Document (any format)
↓
Parse → Clean → Structure → Chunk → Validate → Enrich → Embed & Index → Store
↓
Queryable knowledge store (three search indexes, hierarchical chunks, structured metadata)
The pipeline runs once per document. Every query after that is cheap — no LLM calls, just index lookups.
The Pipeline
Stage 1: Parse
What it does: Converts your document into clean, structured markdown — regardless of what format it started as.
Ingestible handles 25+ document formats through format-specific parsers, plus source code files via tree-sitter:
| Format | How it's parsed |
|---|---|
| IBM Docling for deep layout analysis (tables, headings, figures). Falls back to PyMuPDF if needed. Retries with OCR if text is sparse. | |
| DOCX, PPTX, XLSX | Native Python parsers, converted to markdown |
| EPUB | Chapter-based splitting, each chapter becomes a page |
| HTML / Markdown / RST | Direct conversion to normalized markdown |
| Audio (MP3, WAV, FLAC, ...) | Local Whisper transcription with timestamps |
| Video (MP4, MKV, AVI, ...) | Audio extraction + transcription + keyframe capture |
| Images (PNG, JPG, TIFF, ...) | OCR + layout analysis via Docling |
| Email (EML, MSG) | Headers, body, and inline attachments |
| ZIP archives | Auto-detects Notion exports, Confluence exports, or generic file archives |
| Source code (Python, TS, Go, Rust, Java, C/C++, Ruby, Swift, ...) | tree-sitter AST parsing with function/class boundaries (requires ingestible[code]) |
What it produces: A ParsedDocument — title, page count, table of contents, and per-page markdown content with tables and figures preserved.
Stage 2: Clean
What it does: Normalizes the parser output. Strips artifacts, fixes whitespace, removes conversion noise.

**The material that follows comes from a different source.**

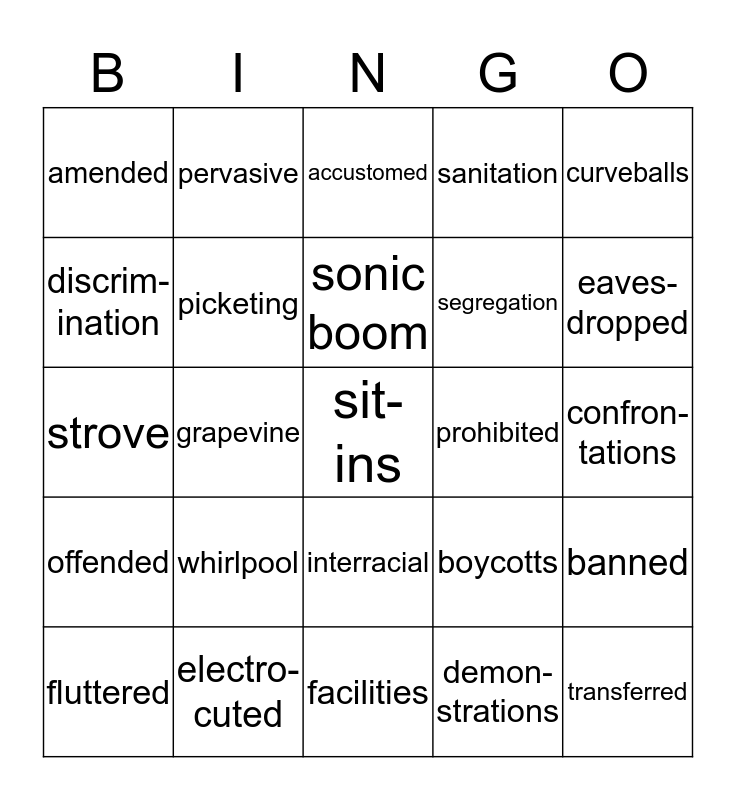 This bingo card has a free space and 24 words: whirlpool, electro- cuted, sonic boom, fluttered, curveballs, amended, discrim-ination, pervasive, prohibited, interracial, segregation, strove, boycotts, banned, picketing, demon-strations, confron- tations, accustomed, eaves-dropped, grapevine, transferred, offended, sanitation and facilities.

This is a small but important step. Parsers, especially PDF parsers, produce inconsistent output: stray line breaks inside paragraphs, duplicated headers, encoding artifacts. The cleaning stage irons these out so downstream stages work with consistent, high-quality text.
Stage 3: Structure
What it does: Builds a hierarchy tree — giving the AI a map of the document.
The structuring engine looks for hierarchy signals in this order:
- Embedded TOC tables — Many PDFs contain a table of contents rendered as a markdown table. These are parsed with page number associations.
- Heading patterns —
#/##/###markdown headings, numbered sections ("1.1 Title"), chapter patterns ("Chapter 3:"). - Page range heuristics — When heading levels are ambiguous (common in PDFs where visual hierarchy is lost), the engine infers structure from section length: 5+ pages is a chapter, 2-4 pages is a section, 1 page is a subsection.
What it produces: A DocumentStructure — a tree of nodes with titles, levels, page ranges, and content. This tree drives how the document gets chunked.
Stage 4: Chunk
What it does: Splits the document into a 4-level hierarchy of chunks, from broad overview down to individual passages.
This is where the token savings come from. Instead of one giant blob of text, the document becomes a navigable tree:
| Level | What it represents | Typical size |
|---|---|---|
| L0 | The whole document | ~500-800 tokens |
| L1 | A chapter | ~300-500 tokens |
| L2 | A section within a chapter | ~200-400 tokens |
| L3 | A single passage | ~250-500 tokens |
Five chunking strategies are available:
- Paragraph (default) — splits on natural paragraph boundaries
- Semantic — splits where the meaning shifts between sentences (uses embedding cosine distance)
- Recursive — recursive splitting with configurable overlap
- Docling — uses IBM Docling's native document segmentation (PDF only)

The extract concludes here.